Question: Xxny satisfy both the equation log x to the base 3 + log y to the base 2 equal to 2 and 3 to the pow...

Question

Xxny satisfy both the equation log x to the base 3 + log y to the base 2 equal to 2 and 3 to the power x - 2 to the power y = 23 then sum of all

Answer 1

Solution

The given system of equations is:

$\log_3 x + \log_2 y = 2$
$3^x - 2^y = 23$

Step 1: Determine the domain of the variables.

For the logarithms to be defined, $x > 0$ and $y > 0$ .

Step 2: Solve by inspection or trial and error for integer solutions.

Let's analyze the second equation: $3^x - 2^y = 23$ . We can test integer values for $x$ :

If $x=1$ , $3^1 - 2^y = 23 \implies 3 - 2^y = 23 \implies 2^y = -20$ . No real solution for $y$ .
If $x=2$ , $3^2 - 2^y = 23 \implies 9 - 2^y = 23 \implies 2^y = -14$ . No real solution for $y$ .
If $x=3$ , $3^3 - 2^y = 23 \implies 27 - 2^y = 23 \implies 2^y = 4$ . This implies $y=2$ .

So, $(x,y) = (3,2)$ is a potential solution.

Step 3: Verify the potential solution with the first equation.

Substitute $(x,y) = (3,2)$ into the first equation: $\log_3 x + \log_2 y = \log_3 3 + \log_2 2 = 1 + 1 = 2$ . The solution $(3,2)$ satisfies both equations.

Step 4: Prove the uniqueness of the solution.

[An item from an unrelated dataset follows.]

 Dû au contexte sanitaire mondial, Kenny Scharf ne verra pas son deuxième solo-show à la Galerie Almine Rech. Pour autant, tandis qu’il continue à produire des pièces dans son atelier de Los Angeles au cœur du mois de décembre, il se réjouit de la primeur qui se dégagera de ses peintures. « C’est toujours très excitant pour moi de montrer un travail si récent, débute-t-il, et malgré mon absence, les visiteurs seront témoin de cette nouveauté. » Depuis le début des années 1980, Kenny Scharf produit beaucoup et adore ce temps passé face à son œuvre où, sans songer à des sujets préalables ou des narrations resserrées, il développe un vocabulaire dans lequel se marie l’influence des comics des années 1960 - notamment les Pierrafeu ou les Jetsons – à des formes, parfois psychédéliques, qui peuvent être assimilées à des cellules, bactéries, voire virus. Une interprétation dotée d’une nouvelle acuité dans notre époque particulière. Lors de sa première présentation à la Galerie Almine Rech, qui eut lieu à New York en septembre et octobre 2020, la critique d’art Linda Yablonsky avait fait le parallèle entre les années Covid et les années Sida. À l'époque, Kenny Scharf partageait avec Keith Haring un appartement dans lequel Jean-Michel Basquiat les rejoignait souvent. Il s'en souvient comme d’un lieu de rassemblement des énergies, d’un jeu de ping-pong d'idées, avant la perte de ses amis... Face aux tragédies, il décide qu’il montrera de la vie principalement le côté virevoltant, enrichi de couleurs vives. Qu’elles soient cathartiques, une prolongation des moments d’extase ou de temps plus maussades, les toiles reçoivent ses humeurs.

From the first equation, we can express $y$ in terms of $x$ : $\log_2 y = 2 - \log_3 x$ $y = 2^{(2 - \log_3 x)}$

Substitute this expression for $y$ into the second equation: $3^x - 2^{(2 - \log_3 x)} = 23$

Let $f(x) = 3^x - 2^{(2 - \log_3 x)}$ . We need to determine if $f(x)=23$ has a unique solution. We can do this by examining the derivative of $f(x)$ . $f'(x) = \frac{d}{dx}(3^x) - \frac{d}{dx}(2^{(2 - \log_3 x)})$

First term: $\frac{d}{dx}(3^x) = 3^x \ln 3$ .

Second term: Let $u = 2 - \log_3 x$ . Then $\frac{d}{dx}(2^u) = 2^u \ln 2 \cdot \frac{du}{dx}$ . Calculate $\frac{du}{dx}$ : $u = 2 - \frac{\ln x}{\ln 3}$ $\frac{du}{dx} = 0 - \frac{1}{\ln 3} \cdot \frac{1}{x} = -\frac{1}{x \ln 3}$ .

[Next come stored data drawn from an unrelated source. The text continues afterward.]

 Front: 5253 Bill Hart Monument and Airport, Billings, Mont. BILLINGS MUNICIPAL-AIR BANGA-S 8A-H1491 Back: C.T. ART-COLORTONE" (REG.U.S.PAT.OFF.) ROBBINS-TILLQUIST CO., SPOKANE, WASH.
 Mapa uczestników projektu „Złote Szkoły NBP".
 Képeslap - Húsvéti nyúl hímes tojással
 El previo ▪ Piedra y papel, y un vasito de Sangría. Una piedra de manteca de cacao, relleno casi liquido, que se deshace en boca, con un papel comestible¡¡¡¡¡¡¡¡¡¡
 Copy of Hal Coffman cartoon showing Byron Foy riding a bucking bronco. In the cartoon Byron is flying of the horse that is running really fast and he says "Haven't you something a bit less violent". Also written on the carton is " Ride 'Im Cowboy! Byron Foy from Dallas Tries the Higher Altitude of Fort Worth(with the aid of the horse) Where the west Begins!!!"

So, $\frac{d}{dx}(2^{(2 - \log_3 x)}) = 2^{(2 - \log_3 x)} \ln 2 \cdot \left(-\frac{1}{x \ln 3}\right) = -\frac{2^{(2 - \log_3 x)} \ln 2}{x \ln 3}$ .

Now, substitute these back into $f'(x)$ : $f'(x) = 3^x \ln 3 - \left(-\frac{2^{(2 - \log_3 x)} \ln 2}{x \ln 3}\right)$ $f'(x) = 3^x \ln 3 + \frac{2^{(2 - \log_3 x)} \ln 2}{x \ln 3}$

For $x > 0$ :

$3^x > 0$ and $\ln 3 > 0$ , so $3^x \ln 3 > 0$ .
$2^{(2 - \log_3 x)} > 0$ , $\ln 2 > 0$ , $x > 0$ , and $\ln 3 > 0$ , so $\frac{2^{(2 - \log_3 x)} \ln 2}{x \ln 3} > 0$ .

Since both terms are positive, $f'(x) > 0$ for all $x > 0$ . This means $f(x)$ is a strictly increasing function. A strictly increasing function can intersect a horizontal line (like $f(x)=23$ ) at most once. Since we found one solution $(x,y) = (3,2)$ , this must be the unique solution to the system.

Step 5: Calculate the requested sum.

The question asks for "sum of all". Given that there is a unique solution $(x,y)=(3,2)$ , it is highly probable that it refers to the sum of $x$ and $y$ . Sum $= x+y = 3+2 = 5$ .